_Task requirements_. Could you print exactly the lines from the one that contains "Ensemble meuble VISION" to the end of the data, both ends included, and nothing else? Skip the pictures.

_Collected data_.
#####
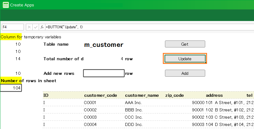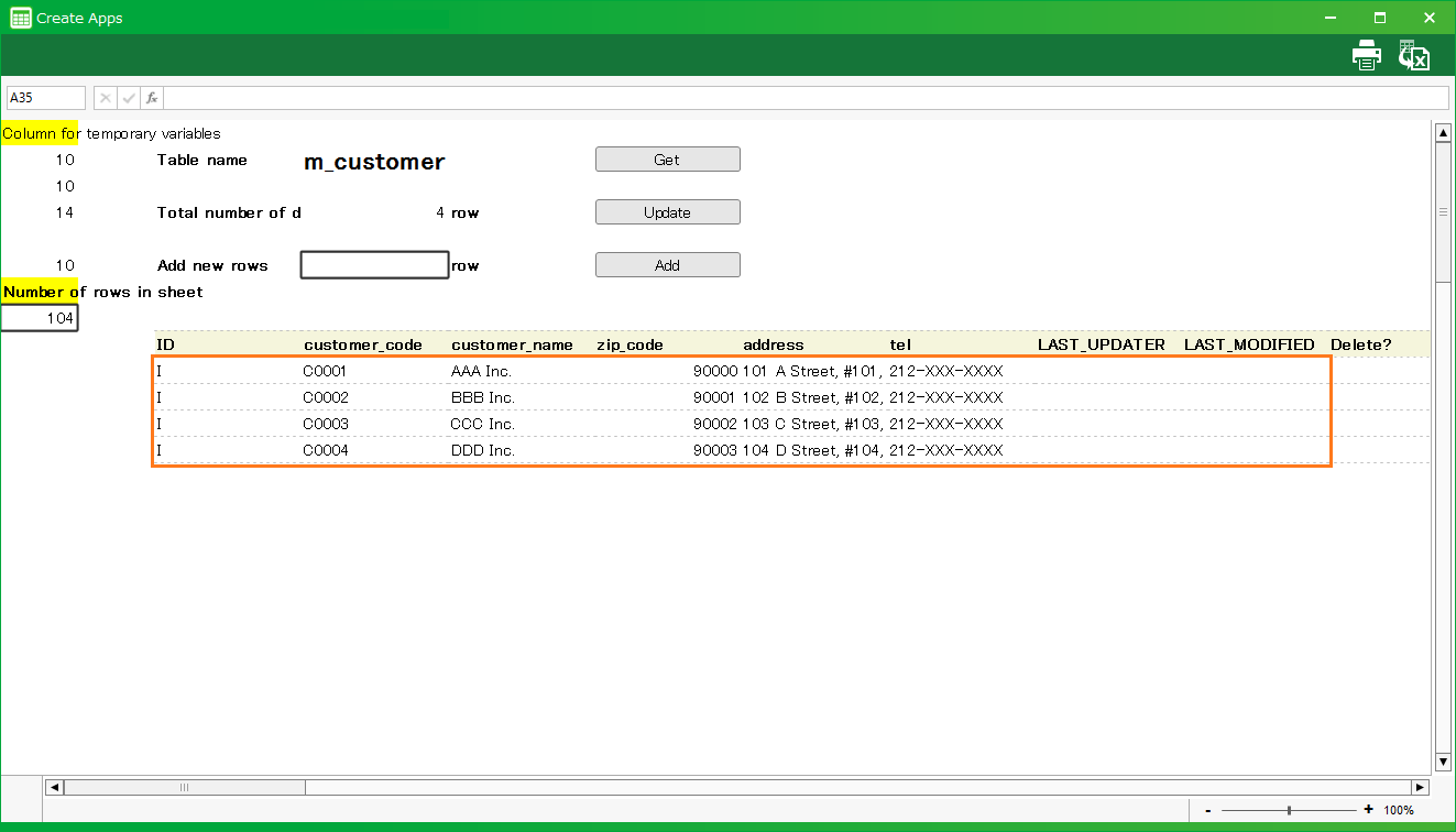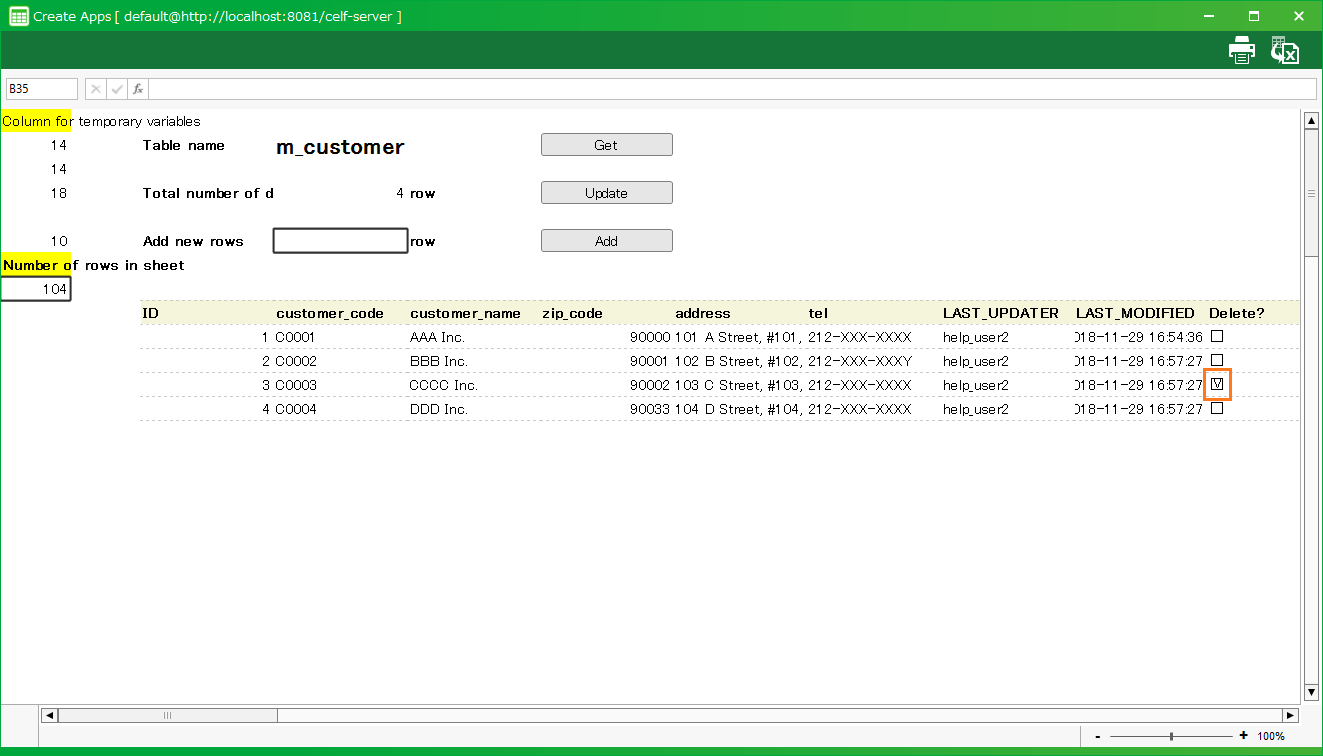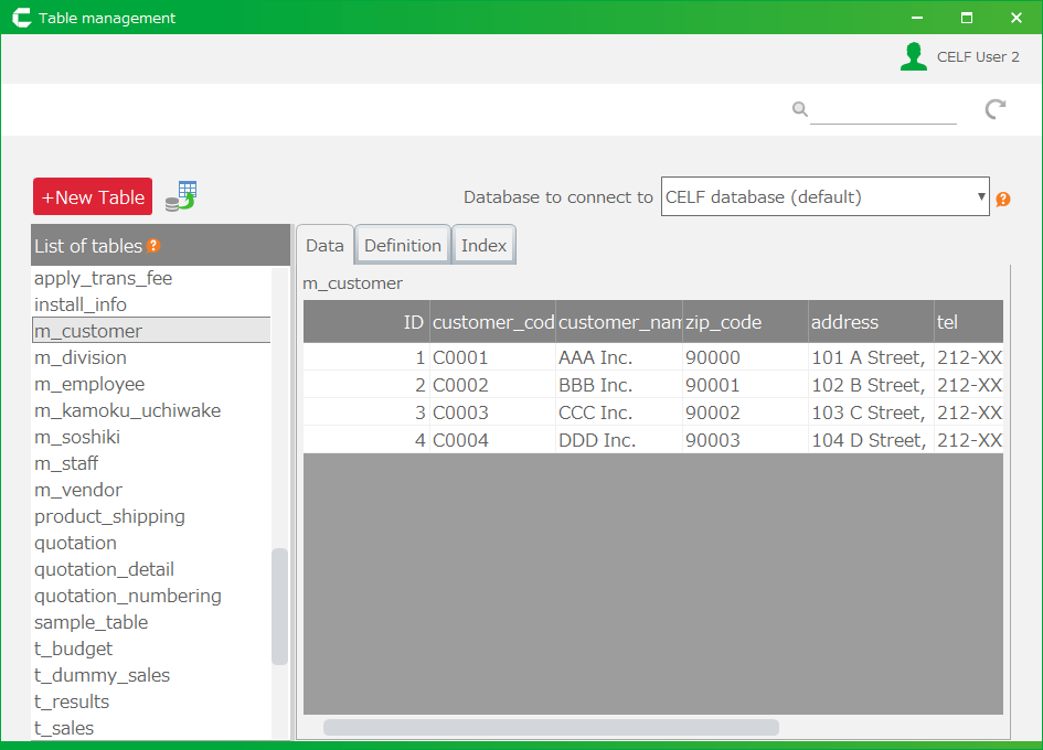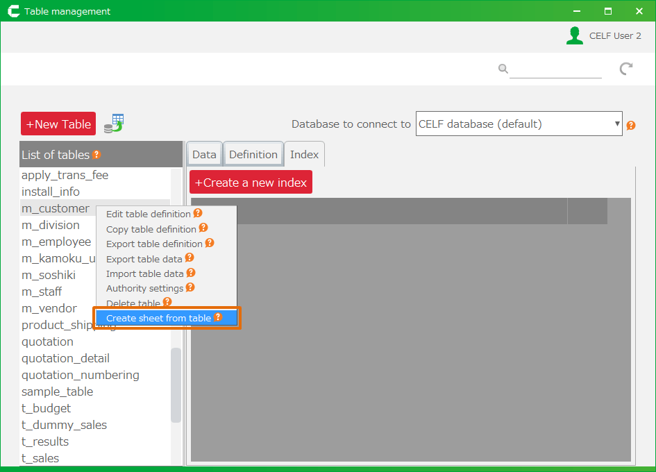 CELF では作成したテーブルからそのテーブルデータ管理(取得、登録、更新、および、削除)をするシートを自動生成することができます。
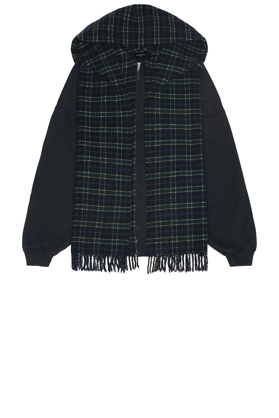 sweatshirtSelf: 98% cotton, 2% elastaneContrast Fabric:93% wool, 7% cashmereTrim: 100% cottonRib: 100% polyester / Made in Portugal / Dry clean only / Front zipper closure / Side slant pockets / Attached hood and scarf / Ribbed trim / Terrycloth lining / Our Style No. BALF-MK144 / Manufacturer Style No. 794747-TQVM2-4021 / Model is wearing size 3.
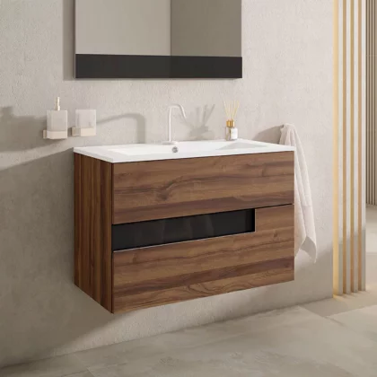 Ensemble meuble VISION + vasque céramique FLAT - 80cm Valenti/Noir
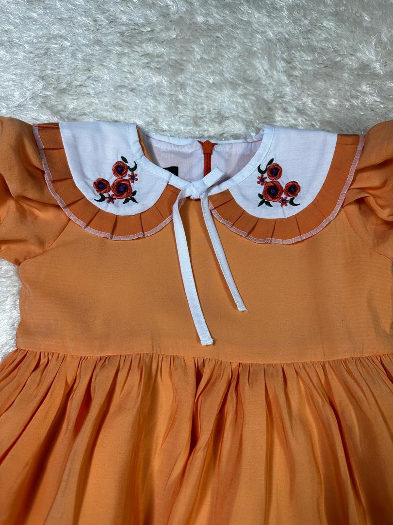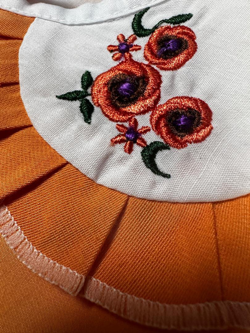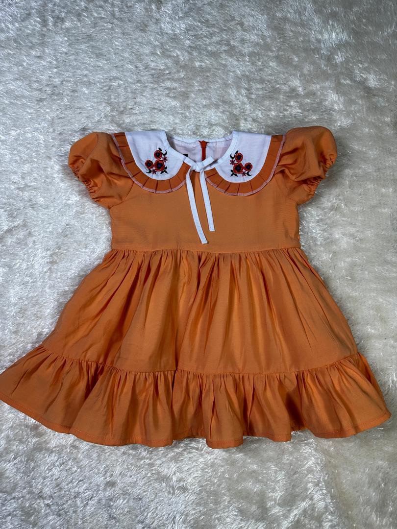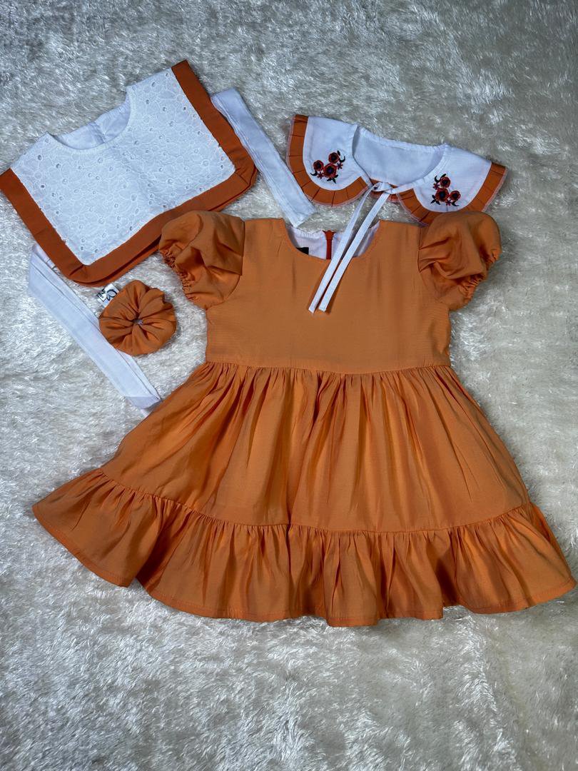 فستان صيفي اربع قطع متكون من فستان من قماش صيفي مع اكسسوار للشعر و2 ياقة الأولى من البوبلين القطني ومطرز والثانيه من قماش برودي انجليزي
#####
_Solution to the exercise_.
 Ensemble meuble VISION + vasque céramique FLAT - 80cm Valenti/Noir
 فستان صيفي اربع قطع متكون من فستان من قماش صيفي مع اكسسوار للشعر و2 ياقة الأولى من البوبلين القطني ومطرز والثانيه من قماش برودي انجليزي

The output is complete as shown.